▸ Work order
Produce a word-for-word copy of the data that follows, excluding images.

▸ Data section
== == ==

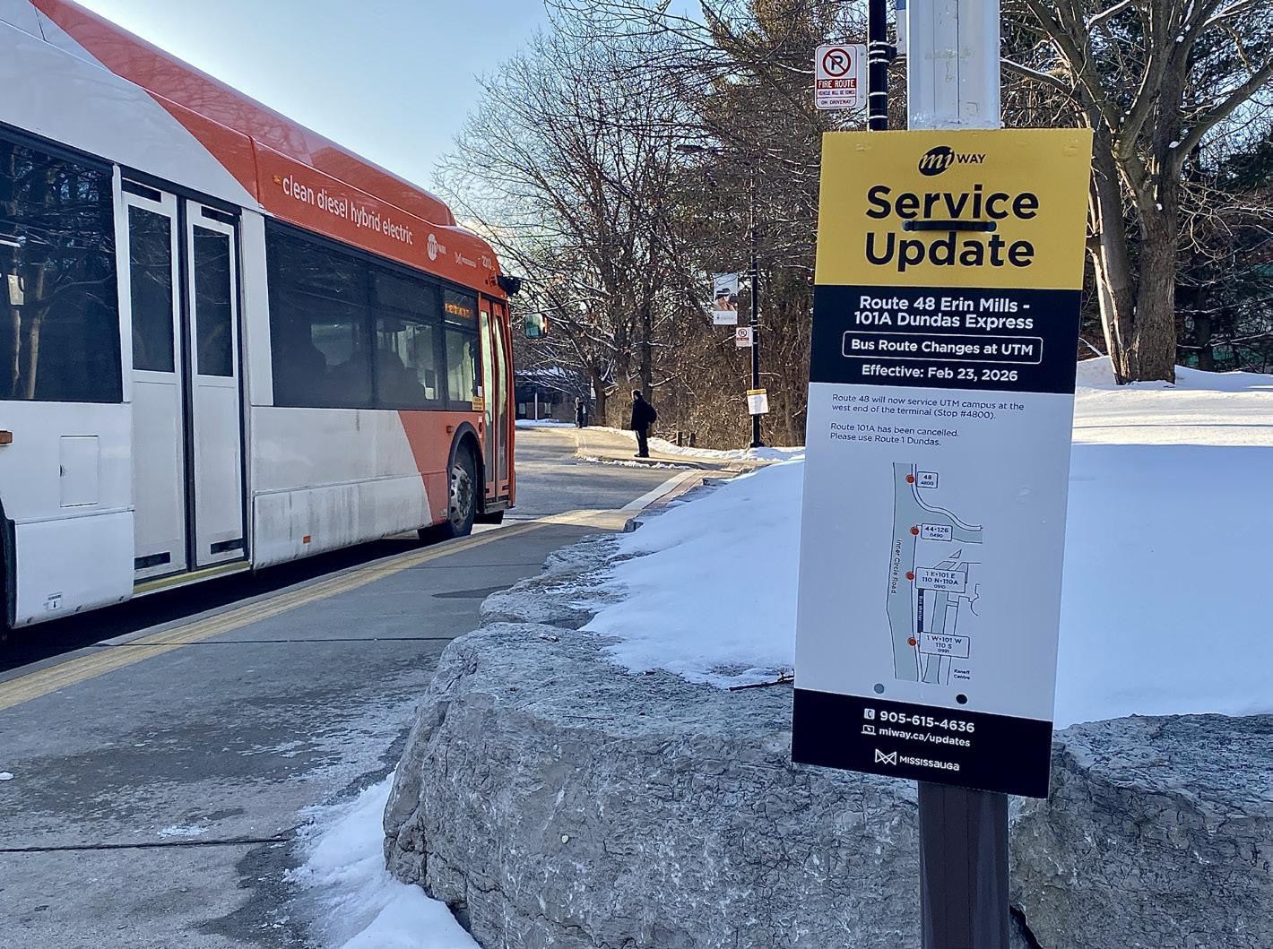 MiWay recently announced a series of changes to its bus services to the University of Toronto Mississauga (UTM) campus, including new routes, cancellations, and stop relocations, effective as of February 23.
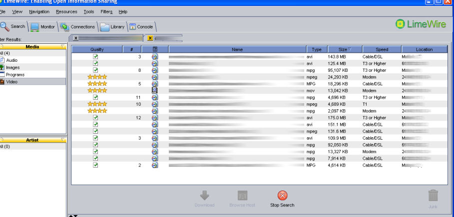 | I"m running Limewire 4.12.3 Pro (java 1.5.0_06) on Windows XP sp2. When I get results back from a search, I want them in filesize order descending. when i click on the size column so the arrow points down I get some files that sort OK... then in the middle of the list it seems to start again from smallest to largest. I attached a picture. Sorting used to work fine... I want the results all sorted regardless of whether I already have the file, or if it's marked junk. It used to do this. Any ideas?THanks. |
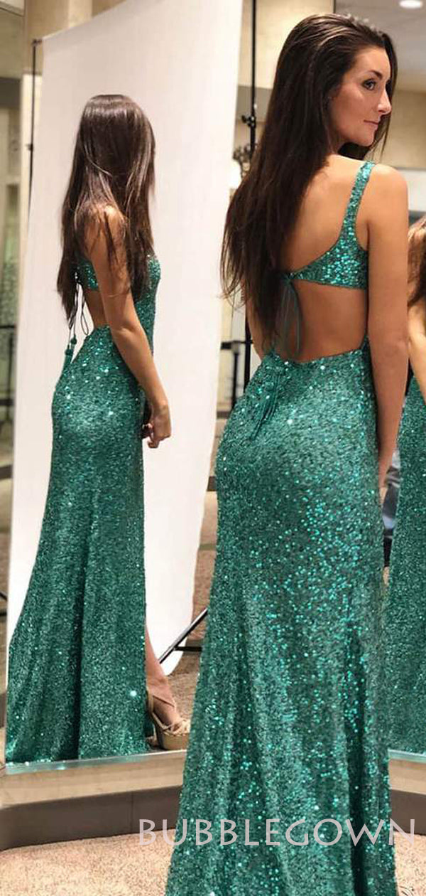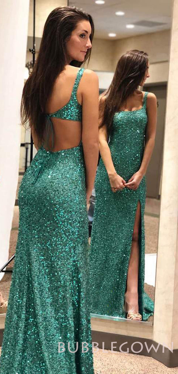 Green Sequin Spaghetti Straps  Long Mermaid Evening Prom Dresses, Cheap Custom Prom Dresses, MR7789

== == ==

▸ Response box
 MiWay recently announced a series of changes to its bus services to the University of Toronto Mississauga (UTM) campus, including new routes, cancellations, and stop relocations, effective as of February 23.
 | I"m running Limewire 4.12.3 Pro (java 1.5.0_06) on Windows XP sp2. When I get results back from a search, I want them in filesize order descending. when i click on the size column so the arrow points down I get some files that sort OK... then in the middle of the list it seems to start again from smallest to largest. I attached a picture. Sorting used to work fine... I want the results all sorted regardless of whether I already have the file, or if it's marked junk. It used to do this. Any ideas?THanks. |
 Green Sequin Spaghetti Straps  Long Mermaid Evening Prom Dresses, Cheap Custom Prom Dresses, MR7789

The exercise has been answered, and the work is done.